:: Source material ::

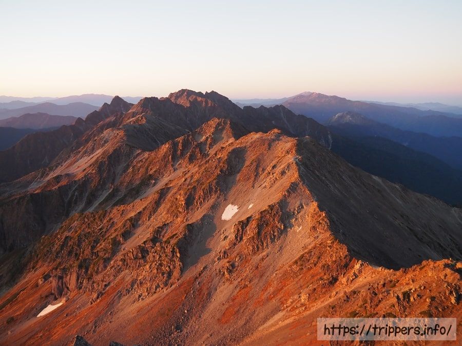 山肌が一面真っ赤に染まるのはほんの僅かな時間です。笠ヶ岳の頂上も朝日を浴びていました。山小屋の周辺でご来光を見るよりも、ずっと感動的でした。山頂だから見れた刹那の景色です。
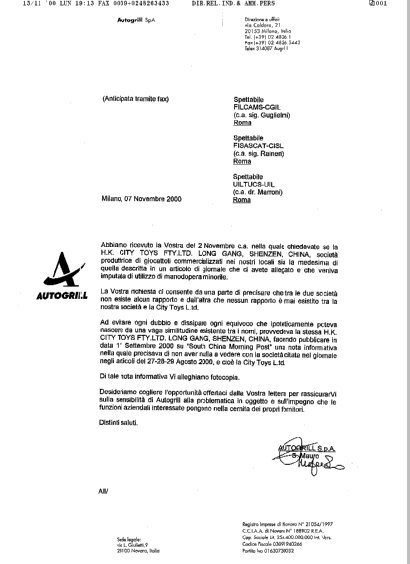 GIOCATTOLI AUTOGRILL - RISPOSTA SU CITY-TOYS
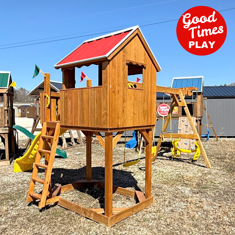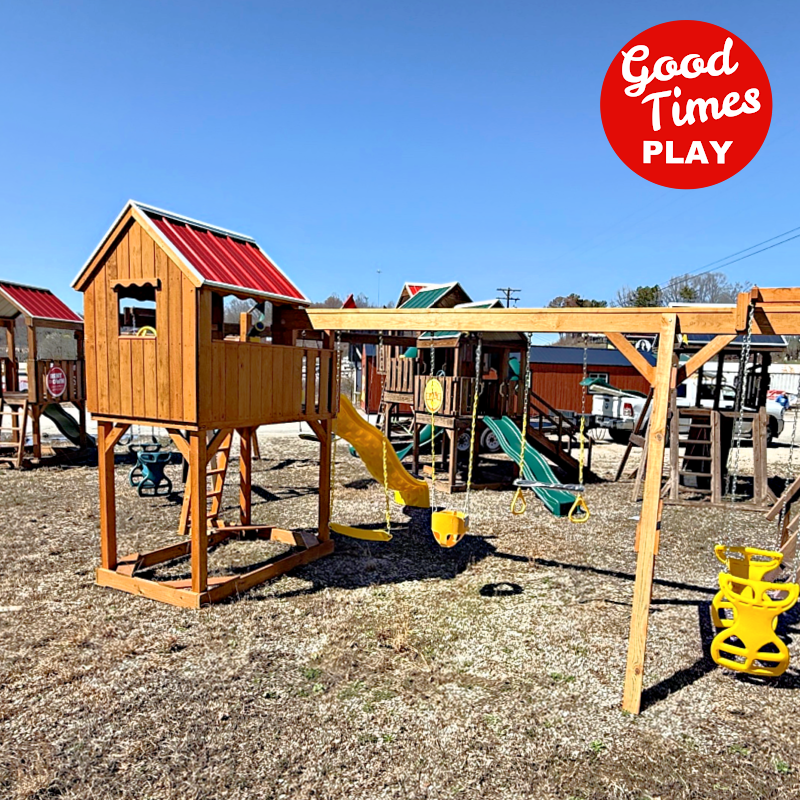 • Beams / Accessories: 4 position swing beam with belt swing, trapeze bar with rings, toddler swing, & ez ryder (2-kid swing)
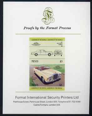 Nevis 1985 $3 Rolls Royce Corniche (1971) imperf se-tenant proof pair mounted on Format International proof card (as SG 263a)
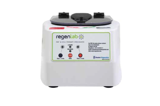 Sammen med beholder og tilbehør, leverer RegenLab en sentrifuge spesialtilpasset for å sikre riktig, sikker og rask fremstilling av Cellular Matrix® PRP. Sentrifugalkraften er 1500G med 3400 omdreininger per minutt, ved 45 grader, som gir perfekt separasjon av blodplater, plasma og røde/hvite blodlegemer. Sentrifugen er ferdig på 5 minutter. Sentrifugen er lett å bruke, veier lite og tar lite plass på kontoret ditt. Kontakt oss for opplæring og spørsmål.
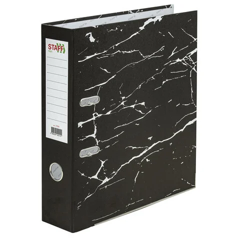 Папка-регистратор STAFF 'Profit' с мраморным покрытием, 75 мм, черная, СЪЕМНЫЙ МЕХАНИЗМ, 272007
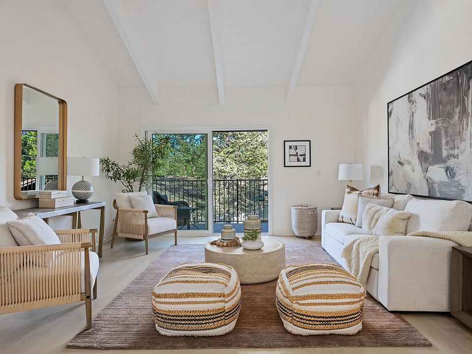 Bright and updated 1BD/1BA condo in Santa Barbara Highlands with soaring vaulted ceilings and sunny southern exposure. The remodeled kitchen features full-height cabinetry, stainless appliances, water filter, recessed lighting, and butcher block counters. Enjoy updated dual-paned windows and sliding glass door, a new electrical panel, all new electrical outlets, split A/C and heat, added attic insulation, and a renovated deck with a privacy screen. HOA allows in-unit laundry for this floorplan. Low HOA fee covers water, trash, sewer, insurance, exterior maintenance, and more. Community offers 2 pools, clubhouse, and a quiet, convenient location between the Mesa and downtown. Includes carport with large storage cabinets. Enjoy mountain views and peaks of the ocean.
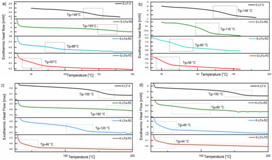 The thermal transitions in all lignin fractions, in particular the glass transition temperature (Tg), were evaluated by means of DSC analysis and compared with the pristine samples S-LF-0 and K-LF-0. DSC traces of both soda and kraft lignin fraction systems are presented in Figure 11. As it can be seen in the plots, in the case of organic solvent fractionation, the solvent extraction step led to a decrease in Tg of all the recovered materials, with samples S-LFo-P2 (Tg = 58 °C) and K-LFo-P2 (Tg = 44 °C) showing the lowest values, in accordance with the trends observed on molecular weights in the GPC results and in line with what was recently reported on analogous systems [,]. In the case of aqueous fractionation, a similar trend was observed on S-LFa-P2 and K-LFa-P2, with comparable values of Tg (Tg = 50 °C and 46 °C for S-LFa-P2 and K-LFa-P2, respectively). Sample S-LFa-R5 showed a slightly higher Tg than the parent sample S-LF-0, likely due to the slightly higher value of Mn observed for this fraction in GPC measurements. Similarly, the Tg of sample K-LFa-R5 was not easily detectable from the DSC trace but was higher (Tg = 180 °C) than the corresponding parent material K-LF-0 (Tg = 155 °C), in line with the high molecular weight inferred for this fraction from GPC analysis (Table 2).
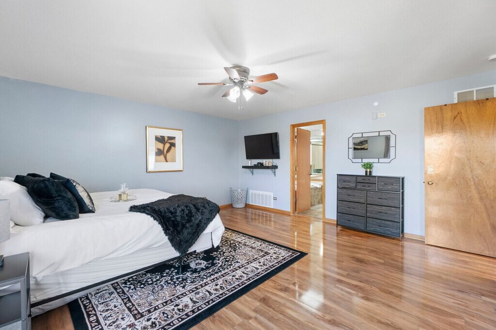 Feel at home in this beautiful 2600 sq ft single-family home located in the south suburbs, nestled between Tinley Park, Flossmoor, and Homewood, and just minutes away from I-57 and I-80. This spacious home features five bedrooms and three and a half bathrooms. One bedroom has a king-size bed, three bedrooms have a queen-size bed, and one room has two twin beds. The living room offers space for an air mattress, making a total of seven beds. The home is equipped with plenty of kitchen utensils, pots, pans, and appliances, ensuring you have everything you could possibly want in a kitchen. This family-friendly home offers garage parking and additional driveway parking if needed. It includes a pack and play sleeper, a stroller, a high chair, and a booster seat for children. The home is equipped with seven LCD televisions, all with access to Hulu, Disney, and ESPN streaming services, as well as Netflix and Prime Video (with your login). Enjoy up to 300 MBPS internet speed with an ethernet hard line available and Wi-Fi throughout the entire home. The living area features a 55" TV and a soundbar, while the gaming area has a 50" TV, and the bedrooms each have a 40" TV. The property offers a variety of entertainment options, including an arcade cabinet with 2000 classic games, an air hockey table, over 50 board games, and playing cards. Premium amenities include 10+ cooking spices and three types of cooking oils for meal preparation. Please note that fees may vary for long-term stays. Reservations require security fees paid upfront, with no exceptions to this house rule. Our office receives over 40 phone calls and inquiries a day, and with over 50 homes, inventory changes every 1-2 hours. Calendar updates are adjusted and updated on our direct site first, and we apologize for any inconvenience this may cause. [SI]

:::

Prompt:
Leave out the images and write out the lines above exactly, from the one with "GIOCATTOLI AUTOGRILL - RISPOSTA SU CITY-TOYS" up to and including the one with "Папка-регистратор STAFF 'Profit'".

Output for this exercise:
 GIOCATTOLI AUTOGRILL - RISPOSTA SU CITY-TOYS
 • Beams / Accessories: 4 position swing beam with belt swing, trapeze bar with rings, toddler swing, & ez ryder (2-kid swing)
 Nevis 1985 $3 Rolls Royce Corniche (1971) imperf se-tenant proof pair mounted on Format International proof card (as SG 263a)
 Sammen med beholder og tilbehør, leverer RegenLab en sentrifuge spesialtilpasset for å sikre riktig, sikker og rask fremstilling av Cellular Matrix® PRP. Sentrifugalkraften er 1500G med 3400 omdreininger per minutt, ved 45 grader, som gir perfekt separasjon av blodplater, plasma og røde/hvite blodlegemer. Sentrifugen er ferdig på 5 minutter. Sentrifugen er lett å bruke, veier lite og tar lite plass på kontoret ditt. Kontakt oss for opplæring og spørsmål.
 Папка-регистратор STAFF 'Profit' с мраморным покрытием, 75 мм, черная, СЪЕМНЫЙ МЕХАНИЗМ, 272007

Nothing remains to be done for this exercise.